I meant genusname species epithet.  To avoid confusion, I use
Rus. vodokus (looks nicer) intead of Rotifera vodka.

> I am also not sure whether you are saying that it would be used
> to flag a taxon without reference to a parent?

I meant to record taxonomic assertion with explicit statement
that the author or data provider is unsure placement of the taxon.
It may come with reference to non-direct higher taxa.

> For example: "I don't
> believe that Rotifera is in Ciliata, but I do not know what parent it does
> belong to".

It is what I meant except I used rotifer becaue the author is unsure
placement of what [s]he throw away from ciliates.

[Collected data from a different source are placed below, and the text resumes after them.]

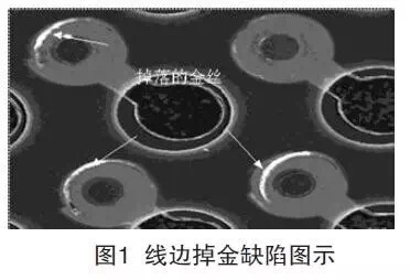 干膜法鍍鎳金板一直存在線邊掉金問題,不良率一直較高,而掉金絲問題過程檢驗難以發(fā)現(xiàn),需要到電測進行開短路測試時才能發(fā)現(xiàn)異常板,如果在電路板廠電測漏測導致不良板流到客戶端進行使用,存在極大安全隱患(圖1)。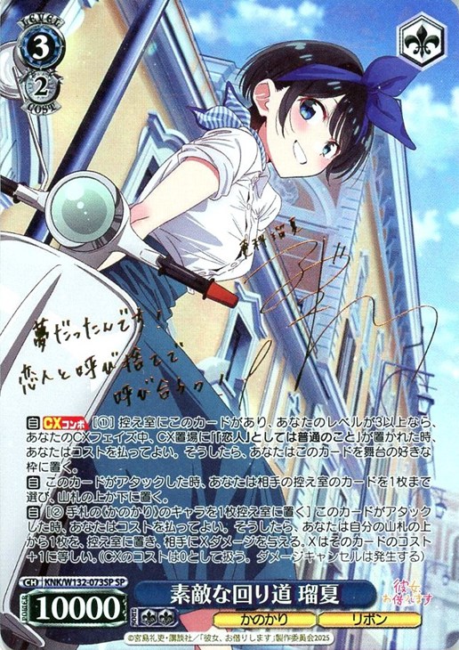 【自】[(2) 手札の《かのかり》のキャラを1枚控え室に置く] このカードがアタックした時、あなたはコストを払ってよい。そうしたら、あなたは自分の山札の上から1枚を、控え室に置き、相手にXダメージを与える。Xはそのカードのコスト+1に等しい。(CXのコストは0として扱う。ダメージキャンセルは発生する)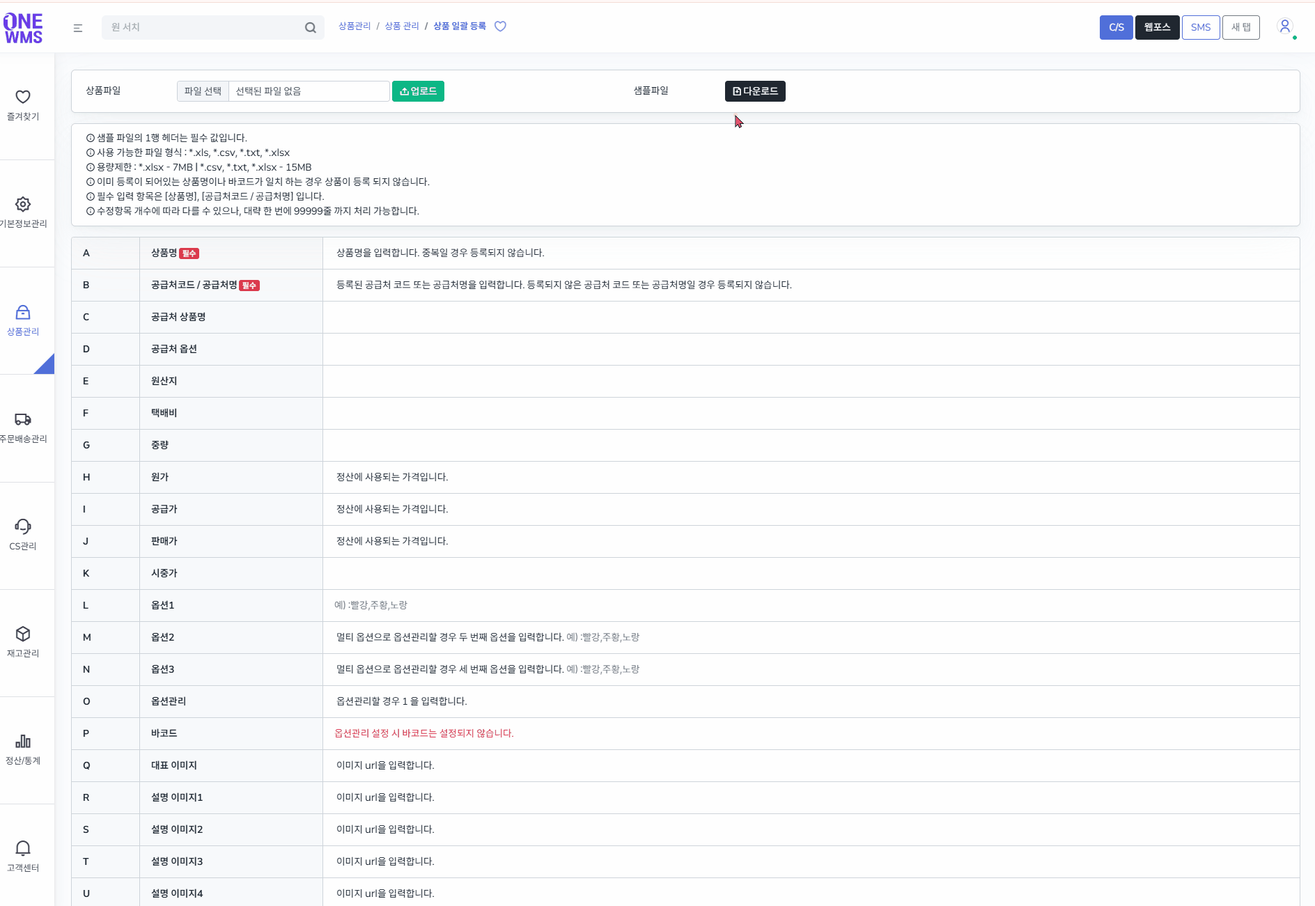 메뉴 경로 : [상품관리 > 상품 관리 > 상품 일괄 등록]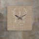 Personalised family vintage classic white monogram, name, and established year chic light brown beige and white rustic country farmhouse style burlap wall clock. +++++++ A modern keepsake gift for weddings, anniversaries, housewarmings, Thanksgiving, Christmas, or any other occasion.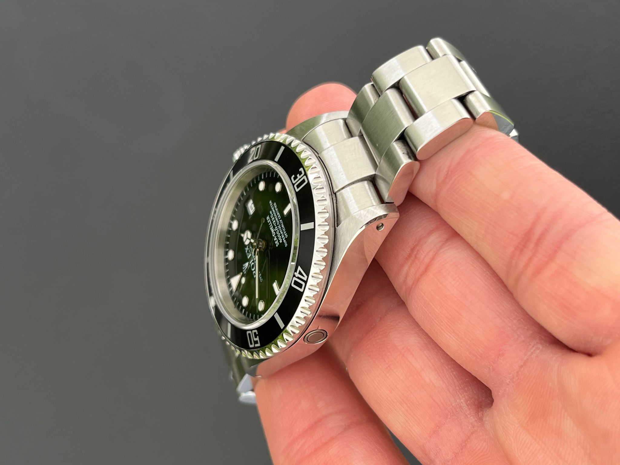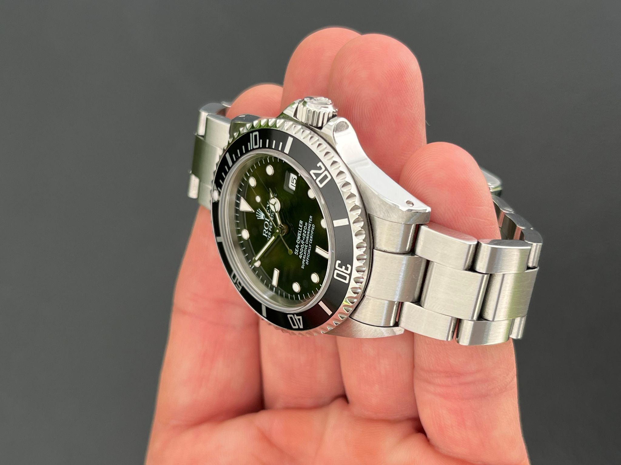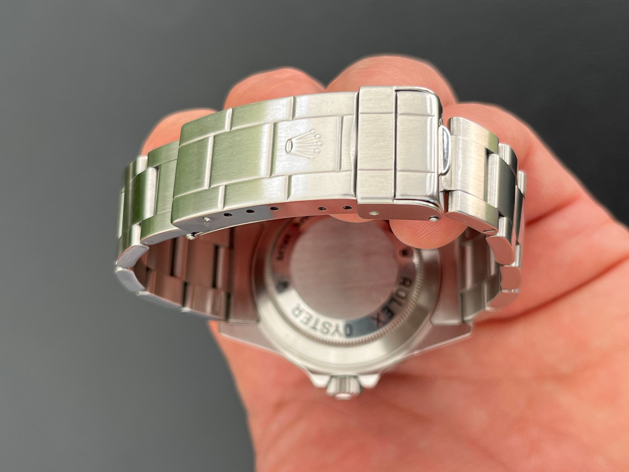 This example is in excellent condition showcasing a razor-sharp holes case and crisp bezel. The bracelet has 12 total links + Dive Extension and shows no stretch. This example comes with original papers dated 6/1998, both hang tags and is in excellent vintage condition!

> If only "Rotifera" is provided, with no parent, then I do not
> consider it to be "incertae sedis".

It is cause of your difficulty, I suspect, because the author didn't
give name in the scenario.  When the author made his/her statement,
rotifer designate a group of organisms including Rus vodkus excluded
from ciliates.

> I believe it can not be of "uncertain
> position" unless it is so within some parent envelope, even if that envelope
> is of rank "Domain".

Don't go to phylosophy and design of your data structure.  The issue
is whether TCS can pass regression test.  If TCS requires too
inteligent XSLT as your discussion implies, we'd better to look for
more practical schema for exchange.


> If only the name "Rotifera" is provided, with no
> indication of a parent, then I don't see it as having the property of
> "incertae sedis", because I think that property is tied to a parent-child
> *relationship*, not a name or taxon itself.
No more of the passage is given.